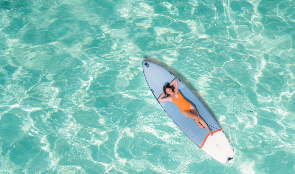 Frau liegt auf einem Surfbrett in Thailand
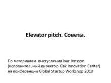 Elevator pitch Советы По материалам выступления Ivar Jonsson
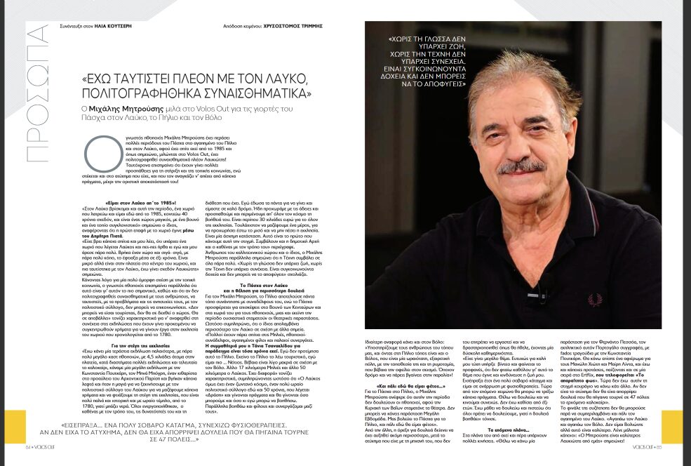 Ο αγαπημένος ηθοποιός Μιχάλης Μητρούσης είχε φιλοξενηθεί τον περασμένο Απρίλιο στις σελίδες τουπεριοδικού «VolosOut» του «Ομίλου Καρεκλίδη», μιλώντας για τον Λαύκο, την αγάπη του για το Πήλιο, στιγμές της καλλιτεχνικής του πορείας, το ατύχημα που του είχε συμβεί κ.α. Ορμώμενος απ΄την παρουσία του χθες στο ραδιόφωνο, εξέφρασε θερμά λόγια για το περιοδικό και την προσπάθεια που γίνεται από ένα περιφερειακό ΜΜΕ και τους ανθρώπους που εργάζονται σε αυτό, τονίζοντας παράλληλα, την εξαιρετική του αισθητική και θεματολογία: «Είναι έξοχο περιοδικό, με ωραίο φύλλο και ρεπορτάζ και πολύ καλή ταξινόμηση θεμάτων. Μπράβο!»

---

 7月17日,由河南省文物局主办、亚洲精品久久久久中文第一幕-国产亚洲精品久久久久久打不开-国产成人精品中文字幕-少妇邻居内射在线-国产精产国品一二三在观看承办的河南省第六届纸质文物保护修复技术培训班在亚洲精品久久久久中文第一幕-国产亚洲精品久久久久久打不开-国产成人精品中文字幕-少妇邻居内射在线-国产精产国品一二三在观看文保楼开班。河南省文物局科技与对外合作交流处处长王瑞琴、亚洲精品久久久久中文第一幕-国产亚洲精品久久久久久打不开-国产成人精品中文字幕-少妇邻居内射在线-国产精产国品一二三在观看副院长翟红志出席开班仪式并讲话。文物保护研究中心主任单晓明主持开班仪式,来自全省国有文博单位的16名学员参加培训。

---

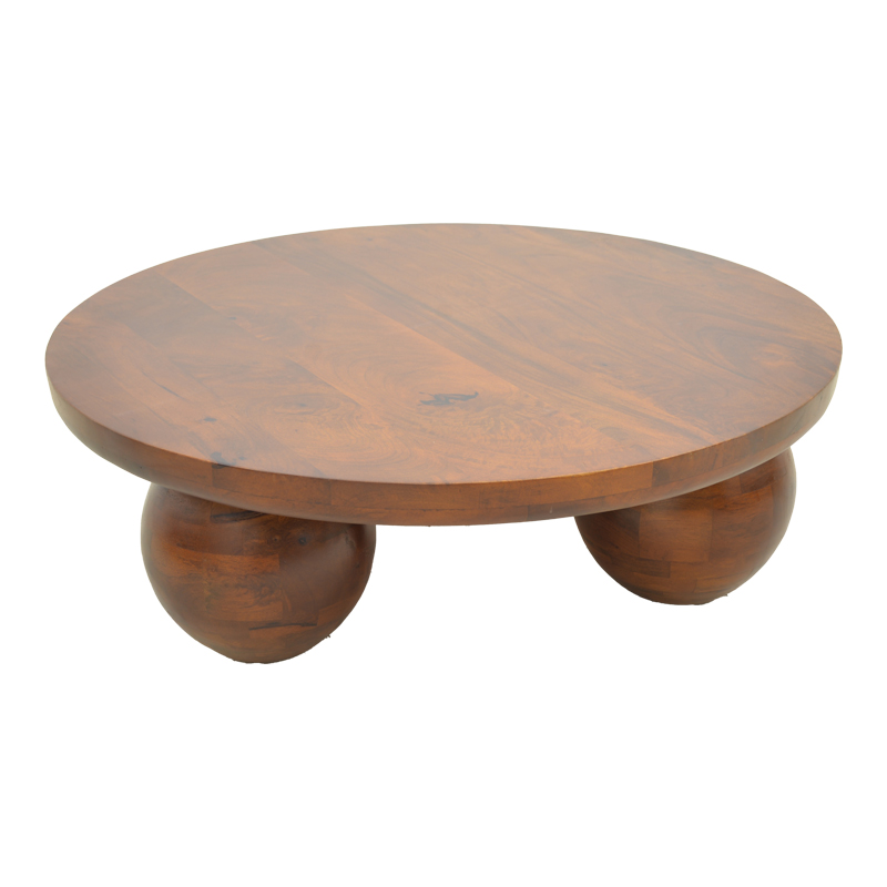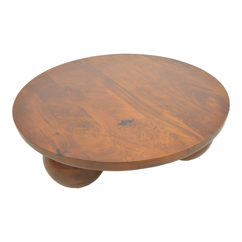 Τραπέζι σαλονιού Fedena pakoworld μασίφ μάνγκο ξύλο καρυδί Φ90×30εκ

WHAT THE TASK ASKS: Keep to the lines above from the line with "Frau liegt auf einem Surfbrett in Thailand" to the line with "Ο αγαπημένος ηθοποιός", and set down exactly those, inclusive, with nothing else and every picture left out.

ANSWER SECTION:
 Frau liegt auf einem Surfbrett in Thailand
 Elevator pitch Советы По материалам выступления Ivar Jonsson
 Ο αγαπημένος ηθοποιός Μιχάλης Μητρούσης είχε φιλοξενηθεί τον περασμένο Απρίλιο στις σελίδες τουπεριοδικού «VolosOut» του «Ομίλου Καρεκλίδη», μιλώντας για τον Λαύκο, την αγάπη του για το Πήλιο, στιγμές της καλλιτεχνικής του πορείας, το ατύχημα που του είχε συμβεί κ.α. Ορμώμενος απ΄την παρουσία του χθες στο ραδιόφωνο, εξέφρασε θερμά λόγια για το περιοδικό και την προσπάθεια που γίνεται από ένα περιφερειακό ΜΜΕ και τους ανθρώπους που εργάζονται σε αυτό, τονίζοντας παράλληλα, την εξαιρετική του αισθητική και θεματολογία: «Είναι έξοχο περιοδικό, με ωραίο φύλλο και ρεπορτάζ και πολύ καλή ταξινόμηση θεμάτων. Μπράβο!»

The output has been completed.